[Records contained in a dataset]
◆ ◆ ◆ ◆ ◆ ◆ ◆

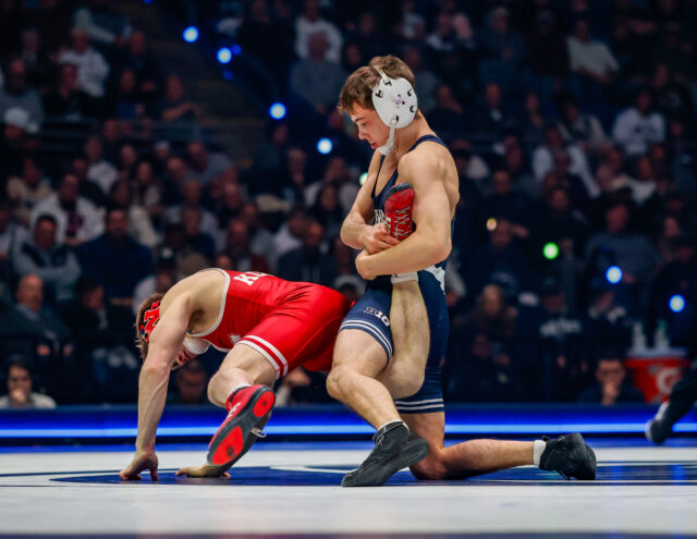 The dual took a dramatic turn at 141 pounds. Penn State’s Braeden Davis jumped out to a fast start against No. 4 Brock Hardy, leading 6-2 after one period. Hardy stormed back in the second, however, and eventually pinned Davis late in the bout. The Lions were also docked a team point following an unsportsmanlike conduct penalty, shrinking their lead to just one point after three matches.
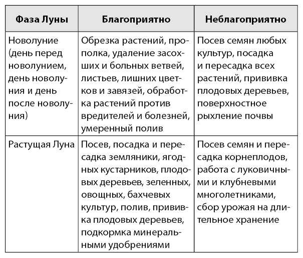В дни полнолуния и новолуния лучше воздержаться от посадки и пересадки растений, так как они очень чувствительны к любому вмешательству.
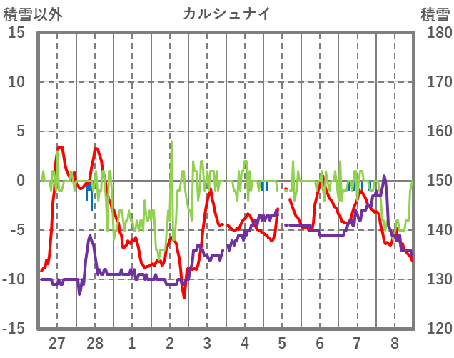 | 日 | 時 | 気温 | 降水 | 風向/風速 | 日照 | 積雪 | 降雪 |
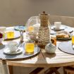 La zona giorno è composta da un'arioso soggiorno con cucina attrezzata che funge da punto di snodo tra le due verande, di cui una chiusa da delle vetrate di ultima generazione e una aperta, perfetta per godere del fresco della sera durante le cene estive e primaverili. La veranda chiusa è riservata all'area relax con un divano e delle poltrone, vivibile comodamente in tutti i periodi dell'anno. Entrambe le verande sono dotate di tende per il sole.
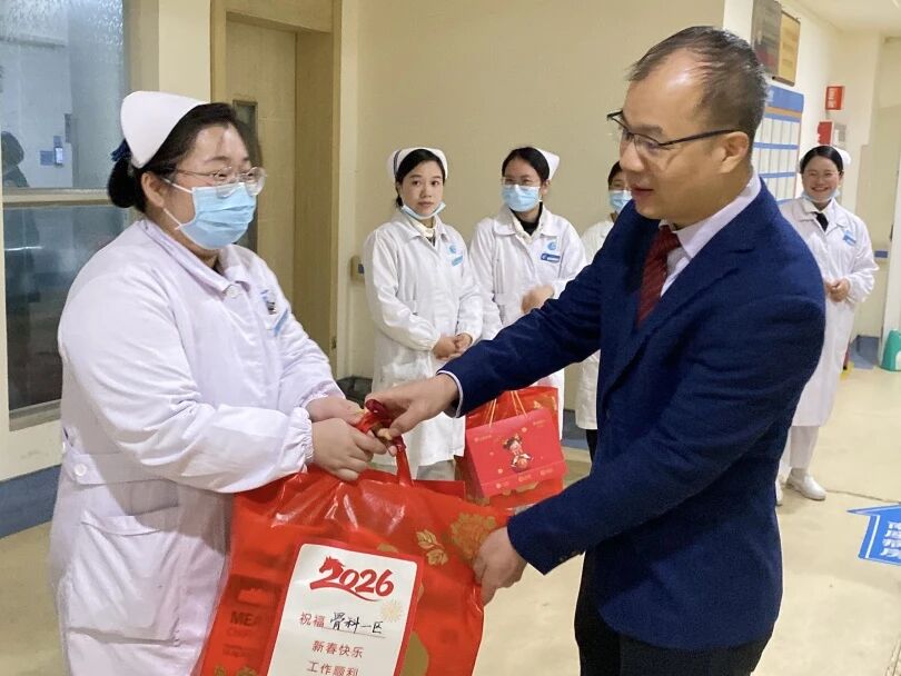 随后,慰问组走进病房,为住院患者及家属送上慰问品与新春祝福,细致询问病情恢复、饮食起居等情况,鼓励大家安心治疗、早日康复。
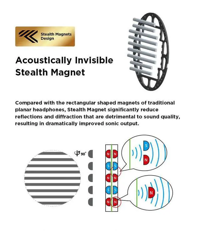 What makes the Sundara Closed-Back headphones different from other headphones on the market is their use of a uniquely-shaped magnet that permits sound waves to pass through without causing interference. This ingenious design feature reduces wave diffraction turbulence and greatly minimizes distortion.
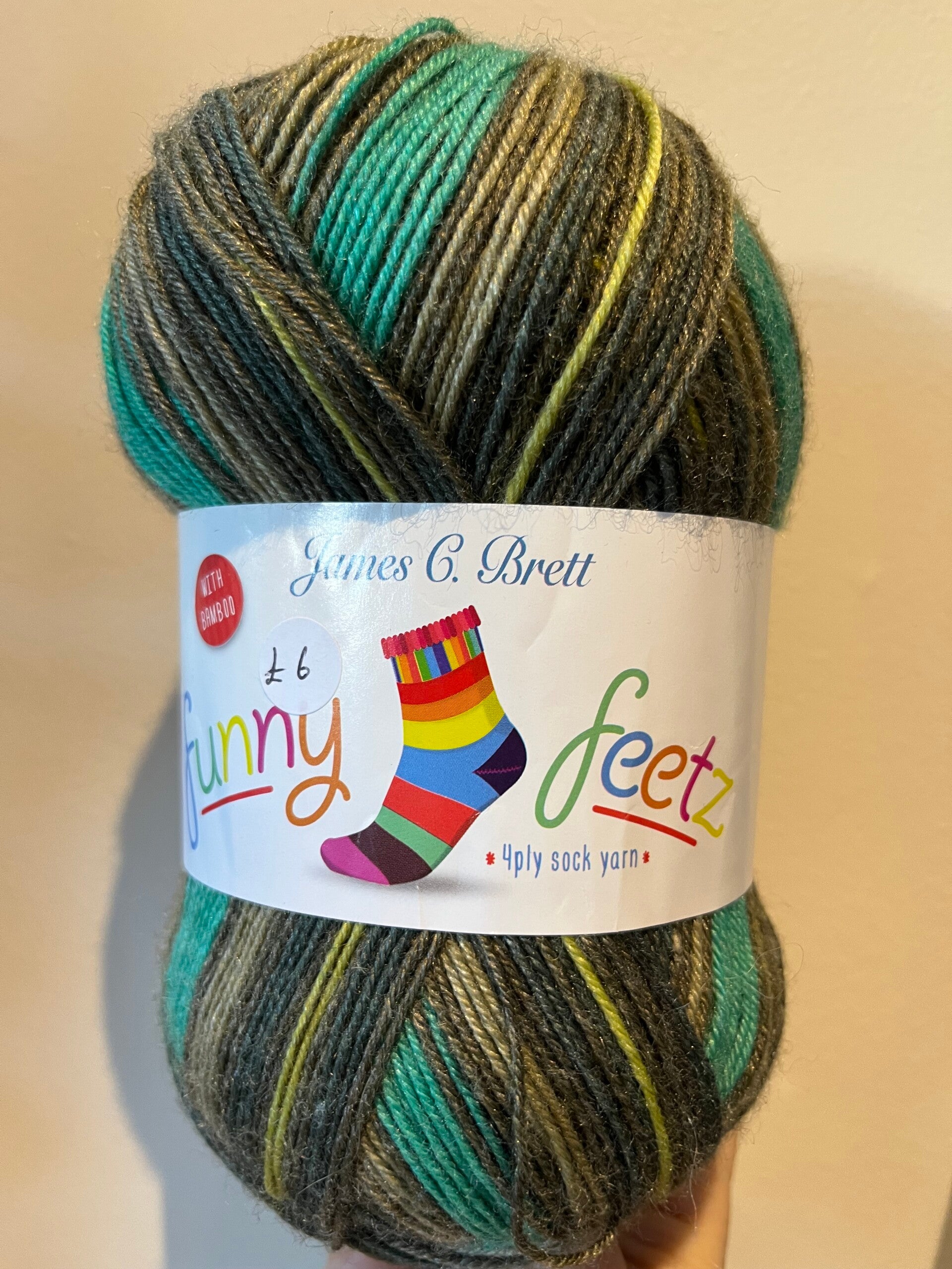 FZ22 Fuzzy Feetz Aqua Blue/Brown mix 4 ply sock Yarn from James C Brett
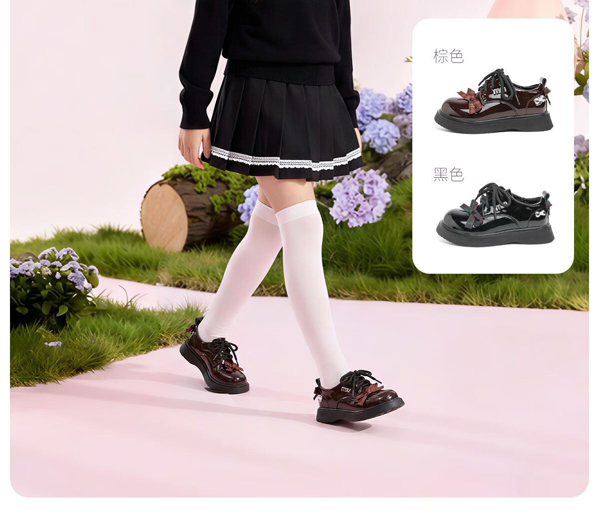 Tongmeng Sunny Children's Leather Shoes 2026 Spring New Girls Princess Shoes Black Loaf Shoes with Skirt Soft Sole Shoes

◆ ◆ ◆ ◆ ◆ ◆ ◆

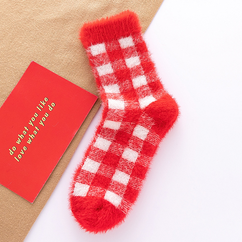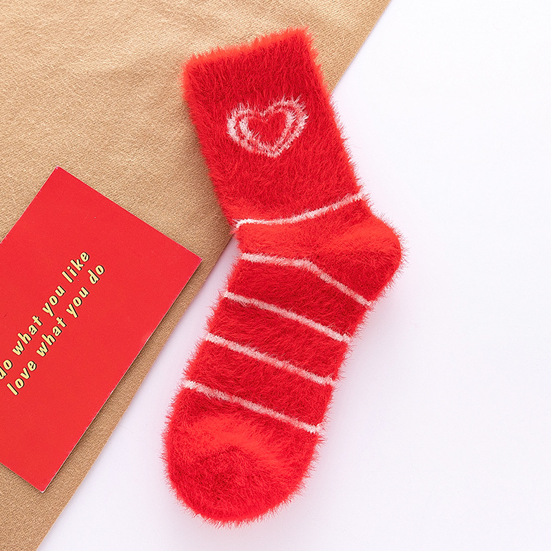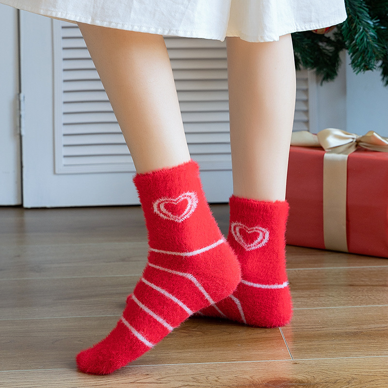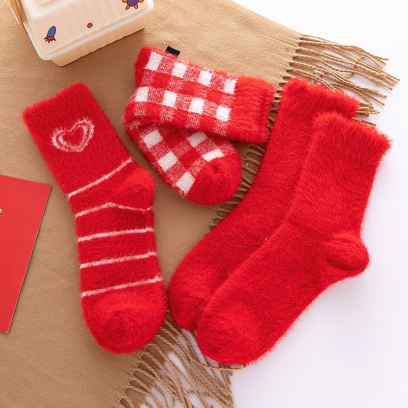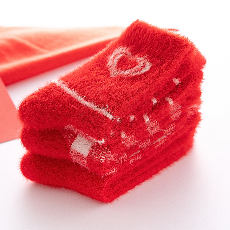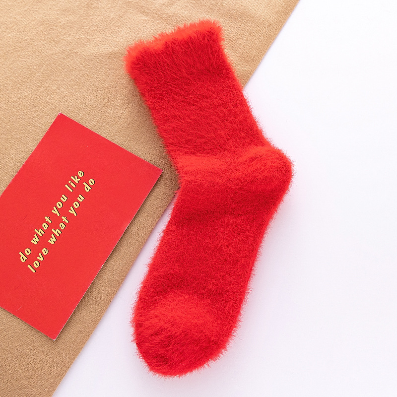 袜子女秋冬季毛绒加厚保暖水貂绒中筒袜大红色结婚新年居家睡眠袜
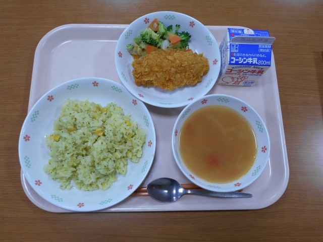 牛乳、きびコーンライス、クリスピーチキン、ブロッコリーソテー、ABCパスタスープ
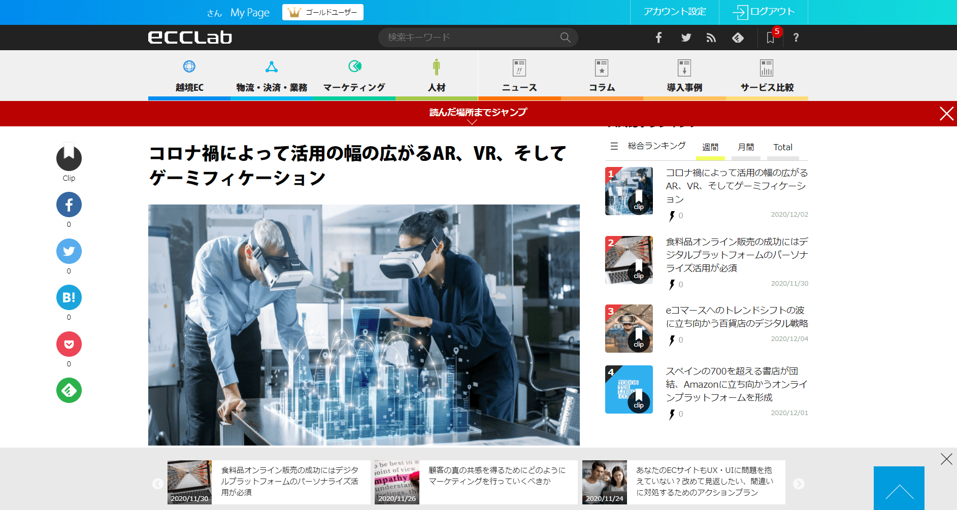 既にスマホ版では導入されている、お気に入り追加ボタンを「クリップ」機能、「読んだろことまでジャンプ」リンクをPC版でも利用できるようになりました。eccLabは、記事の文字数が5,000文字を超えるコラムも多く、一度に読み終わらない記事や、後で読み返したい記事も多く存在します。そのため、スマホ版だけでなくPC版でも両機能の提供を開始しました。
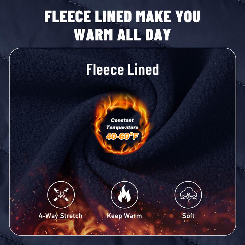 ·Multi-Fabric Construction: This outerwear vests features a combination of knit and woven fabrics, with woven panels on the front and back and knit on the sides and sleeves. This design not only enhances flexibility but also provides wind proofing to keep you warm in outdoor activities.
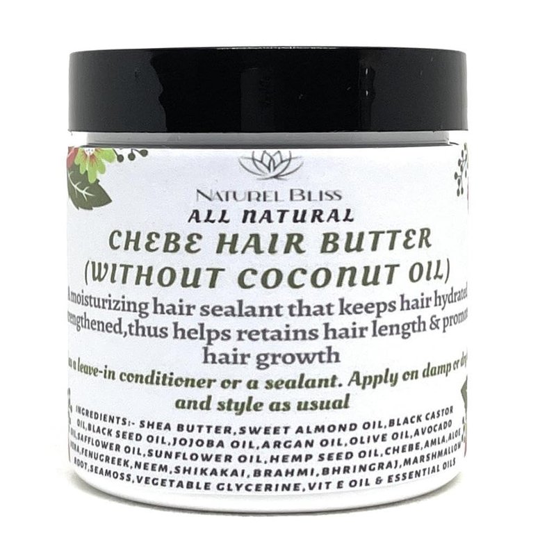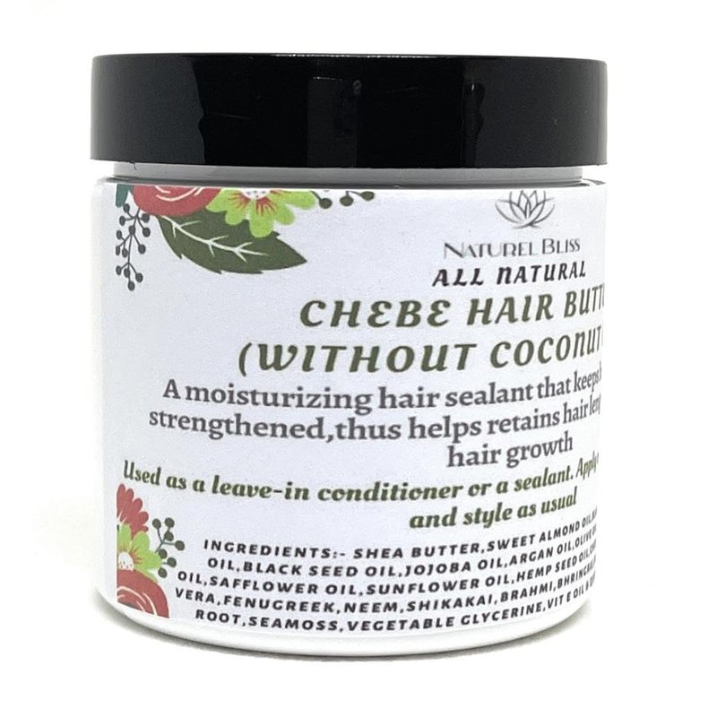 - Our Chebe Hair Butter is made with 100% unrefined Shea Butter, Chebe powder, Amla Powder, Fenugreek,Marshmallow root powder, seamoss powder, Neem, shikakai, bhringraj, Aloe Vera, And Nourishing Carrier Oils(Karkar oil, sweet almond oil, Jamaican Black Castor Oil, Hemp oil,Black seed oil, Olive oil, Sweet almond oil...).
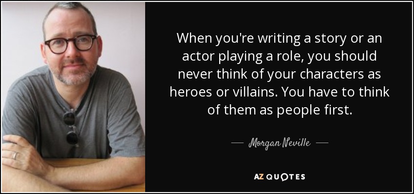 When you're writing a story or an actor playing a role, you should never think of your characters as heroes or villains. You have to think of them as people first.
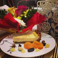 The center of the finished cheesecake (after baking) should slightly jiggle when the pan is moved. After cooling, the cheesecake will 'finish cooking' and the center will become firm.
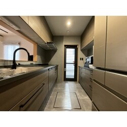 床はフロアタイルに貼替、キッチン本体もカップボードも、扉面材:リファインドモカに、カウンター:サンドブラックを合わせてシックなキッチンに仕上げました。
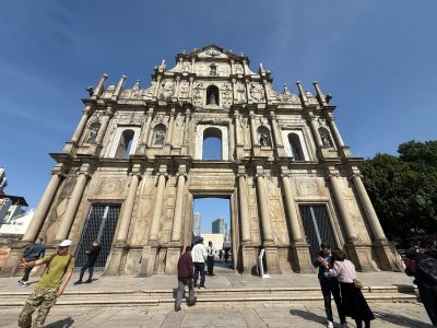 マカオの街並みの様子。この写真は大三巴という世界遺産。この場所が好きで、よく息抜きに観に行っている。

◆ ◆ ◆ ◆ ◆ ◆ ◆

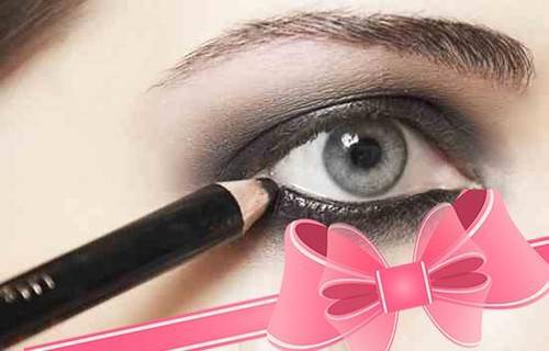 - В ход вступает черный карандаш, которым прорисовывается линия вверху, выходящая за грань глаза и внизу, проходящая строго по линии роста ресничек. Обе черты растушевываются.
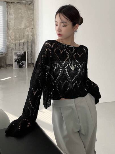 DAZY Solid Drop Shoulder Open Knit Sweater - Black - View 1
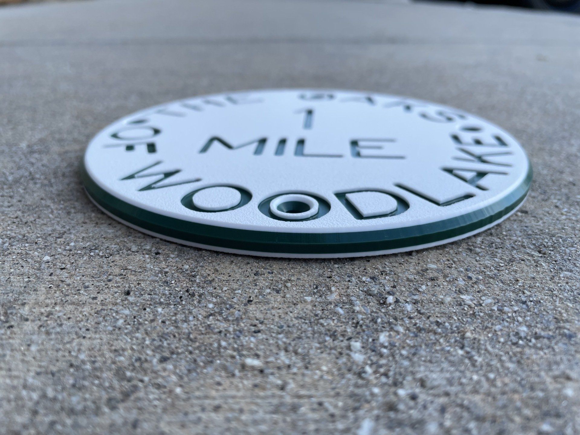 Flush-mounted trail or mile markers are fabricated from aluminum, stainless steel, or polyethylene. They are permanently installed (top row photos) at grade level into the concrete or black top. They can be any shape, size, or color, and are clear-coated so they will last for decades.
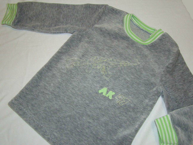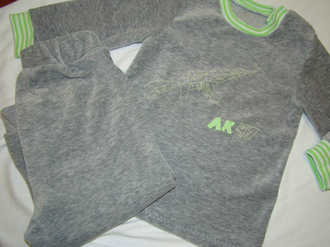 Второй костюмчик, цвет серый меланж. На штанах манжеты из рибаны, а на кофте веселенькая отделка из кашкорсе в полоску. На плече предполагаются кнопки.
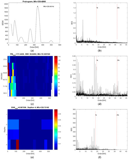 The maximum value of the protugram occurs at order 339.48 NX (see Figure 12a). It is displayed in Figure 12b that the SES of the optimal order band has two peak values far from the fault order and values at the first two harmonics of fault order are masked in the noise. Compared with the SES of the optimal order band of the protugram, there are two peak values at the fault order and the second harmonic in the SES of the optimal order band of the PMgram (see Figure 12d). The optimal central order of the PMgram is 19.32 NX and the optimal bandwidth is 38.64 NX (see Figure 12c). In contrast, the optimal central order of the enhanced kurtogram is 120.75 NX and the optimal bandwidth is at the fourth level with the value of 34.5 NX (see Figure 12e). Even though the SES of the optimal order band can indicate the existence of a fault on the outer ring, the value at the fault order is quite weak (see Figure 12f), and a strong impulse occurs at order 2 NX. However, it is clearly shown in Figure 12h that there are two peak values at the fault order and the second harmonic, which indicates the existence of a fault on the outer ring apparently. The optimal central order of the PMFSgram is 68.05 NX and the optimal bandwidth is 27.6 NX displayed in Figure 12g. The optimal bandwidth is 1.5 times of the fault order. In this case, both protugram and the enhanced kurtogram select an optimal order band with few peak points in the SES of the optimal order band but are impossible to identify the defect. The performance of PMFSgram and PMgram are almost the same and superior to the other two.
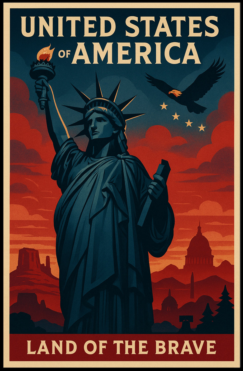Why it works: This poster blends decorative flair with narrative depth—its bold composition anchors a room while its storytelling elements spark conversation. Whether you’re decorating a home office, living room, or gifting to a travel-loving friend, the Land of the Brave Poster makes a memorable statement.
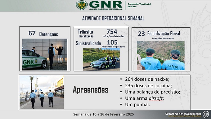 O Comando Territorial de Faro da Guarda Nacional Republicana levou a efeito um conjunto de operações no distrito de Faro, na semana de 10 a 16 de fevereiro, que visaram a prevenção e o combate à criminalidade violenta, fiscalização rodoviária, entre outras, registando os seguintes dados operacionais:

◆ ◆ ◆ ◆ ◆ ◆ ◆

• _AIM OF THE TASK_
I would like the exact lines from the data above, starting with the one that holds "La zona giorno" and going on through the one that holds "随后,慰问组走进病房,为住院", without the pictures.

• _EXPECTED ANSWER_
 La zona giorno è composta da un'arioso soggiorno con cucina attrezzata che funge da punto di snodo tra le due verande, di cui una chiusa da delle vetrate di ultima generazione e una aperta, perfetta per godere del fresco della sera durante le cene estive e primaverili. La veranda chiusa è riservata all'area relax con un divano e delle poltrone, vivibile comodamente in tutti i periodi dell'anno. Entrambe le verande sono dotate di tende per il sole.
 随后,慰问组走进病房,为住院患者及家属送上慰问品与新春祝福,细致询问病情恢复、饮食起居等情况,鼓励大家安心治疗、早日康复。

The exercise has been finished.